IESE Insight
Corporate venturing ecosystems: Boosting your capability and efficiency
What do companies such as Disney, Samsung and Formula 1 have in mind when choosing between engaging directly with a startup or through an intermediary? How can the right intercessor be chosen? This study sheds some light, while debunking frequent myths.
- A corporate venturing enabler — an outside agent to connect established companies with startups — can be a cost-effective catalyst to speed up innovation.
- The corporate venturing ecosystem is getting increasingly crowded and so differentiation is key.
- Interviews with some 92 chief innovation officers shed light on what companies are looking for in enablers.
Companies such as Disney, Samsung and Formula 1 are already working with startups. What do those firms have in mind when choosing between engaging directly with a startup or through an intermediary? How can the right intercessor be chosen?
With the dramatic growth in corporate venturing — the collaboration between companies and startups to source external innovation — established firms are progressively struggling to beat competitors in hunting and seducing the same top-tier entrepreneurs, fostering venturing processes and being more cost-effective.
Moreover, with the intensification of global market volatility, corporate venturing teams are under increasing pressure from corporate business units looking for stronger market predictions and new revenue streams ready to run at a higher speed and lower cost.
How are BNP Paribas, Volvo and Mastercard targeting some of those objectives while mitigating risk in the innovation process? One way that companies are choosing to do this is to complement their efforts with a corporate venturing enabler — an innovation agent, out of the corporate structure, that facilitates the collaboration with a startup. When should enablers be used? How can the right one be chosen?
Led by IESE's Josemaria Siota and Mª Julia Prats, in collaboration with Gellify's Diego Fernandez and Acciona's Telmo Perez, this study aims to shed some light on which enablers should be used, and when, while debunking some frequent myths regarding corporates and enablers.
As a corporate, do I work with startups directly or supported by an enabler? On average, the most frequent aspects that companies evaluate when making this first decision are: the startups' proximity to the company's core business (in 26% of the cases), internal capability to work with entrepreneurs (24%), access to curated opportunities (17%), cost of implementation (11%), and more. So, faced with this dilemma, chief innovation officers are asking themselves:
- Is the field I want to improve through corporate venturing part of my core business?

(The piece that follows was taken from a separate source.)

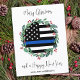 Mande saudações de Feliz Natal a amigos e familiares com este Cartão Único de Natal da Polícia de Linha Azul - Feriado em uma design de bandeira americana em cores da Polícia, design preto e branco moderno com santo e bagas. Personalize com o nome da família. Este cartão de Natal da polícia é perfeito para famílias da polícia ou cartões de natal do departamento de polícia. COPYRIGHT © 2022 Judy Burrows, Black Dog Art - Todos Os Direitos Reservados. Cartão Azul de Férias de Natal da Polícia

- Do I have a skilled team in place and a proven process to work with entrepreneurs?
- Do I have access to a curated deal flow of opportunities in the field I want to improve?
- Which is more cost-effective?
As a corporate, how do I choose the best enabler? Once a company decides to go the enabler route, these are the most frequent aspects that companies evaluate, on average, when making this second decision: capabilities to work with entrepreneurs (in 38% of the cases), existing ecosystem of curated stakeholders to enhance the corporate-startup collaboration (15%), knowledge of the industry or the scouted technology (12%), existing personal trust and service tailoring (10%), to name a few. So, in this decision, innovation leaders ask themselves:
- Who has the most skilled team and proven process?

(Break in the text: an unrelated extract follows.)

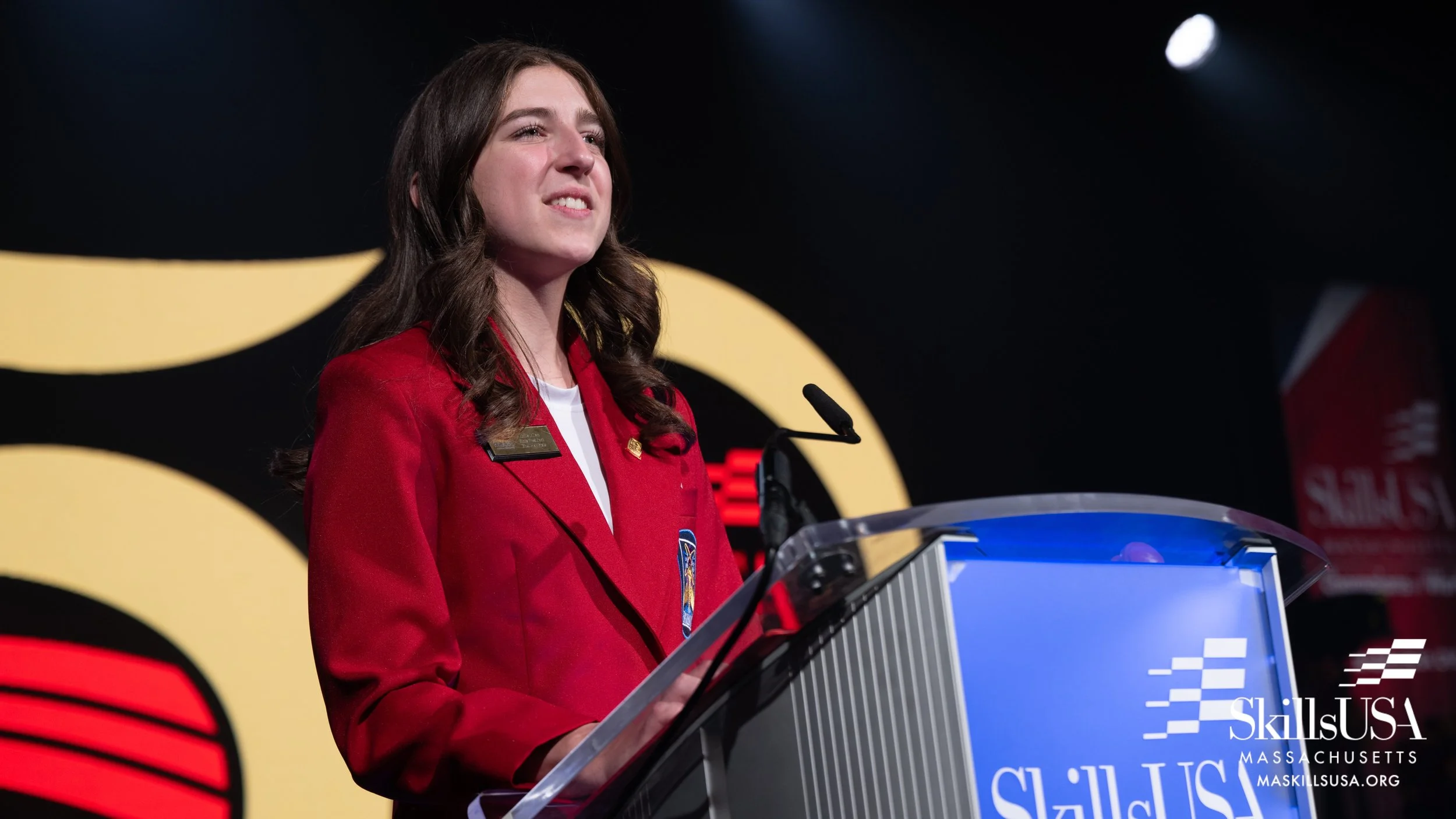 When Kallie Allen walked into her freshman year at Blackstone Valley Technical High School, she knew her schedule would include a career course – but she didn’t know a thing about SkillsUSA Massachusetts.

- Who has the most accessible, glocal and curated corporate venturing ecosystem?
- Who knows the search field best?
- Who cares most about the established company?
How does this affect corporates? Since corporations are increasingly working with startups and offering similar benefits to entrepreneurs, teaming up with enablers can improve their value proposition, thereby aggregating value. Moreover, enablers can reduce innovation costs when these costs are shared with others. Enablers can also increase deal-flow access and anticipation of opportunities.

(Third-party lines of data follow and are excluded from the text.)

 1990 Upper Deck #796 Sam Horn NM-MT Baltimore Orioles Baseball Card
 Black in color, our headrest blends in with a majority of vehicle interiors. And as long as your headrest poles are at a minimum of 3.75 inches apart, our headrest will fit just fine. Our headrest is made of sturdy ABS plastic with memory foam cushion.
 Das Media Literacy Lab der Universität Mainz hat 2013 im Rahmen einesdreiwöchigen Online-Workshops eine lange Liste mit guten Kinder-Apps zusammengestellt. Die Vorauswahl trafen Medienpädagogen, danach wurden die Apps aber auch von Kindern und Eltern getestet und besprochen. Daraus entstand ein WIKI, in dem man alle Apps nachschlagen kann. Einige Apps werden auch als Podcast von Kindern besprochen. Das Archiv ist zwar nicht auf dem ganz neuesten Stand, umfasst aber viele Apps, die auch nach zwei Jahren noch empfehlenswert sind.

However, enablers are not just consulting firms: the reality is far richer. Considering a wider scope of types may improve a corporate's selection. Other enablers include private accelerators, research centers, venture capital firms, business angel investors and embassies, to name a few. Furthermore, corporates can be an enabler for other corporations, tapping into a new revenue stream for their own corporate venturing team.
How does this affect enablers? A proven capability is the most frequent aspect considered when choosing between two enablers (in 38% of the cases). Enablers are advised to spend less time packaging their assets and more efforts in developing a skilled team with a proven method to serve the corporation: Why is the enabler's method better than others? How can it be proven?
Moreover, corporate venturing boundaries are disappearing. Now it is less clear who does what — as even a firm's corporate venturing team can be an enabler. In parallel, some activities (e.g., scouting startups) are becoming democratized. Thus, identify and protect what makes you unique as enabler, something difficult to replicate: your core resource or activity.
Methodology, very briefly
Complemented with previous studies, the report is based on 92 interviews with chief innovation officers — and those with related roles — located in Asia, North and South America, and Europe.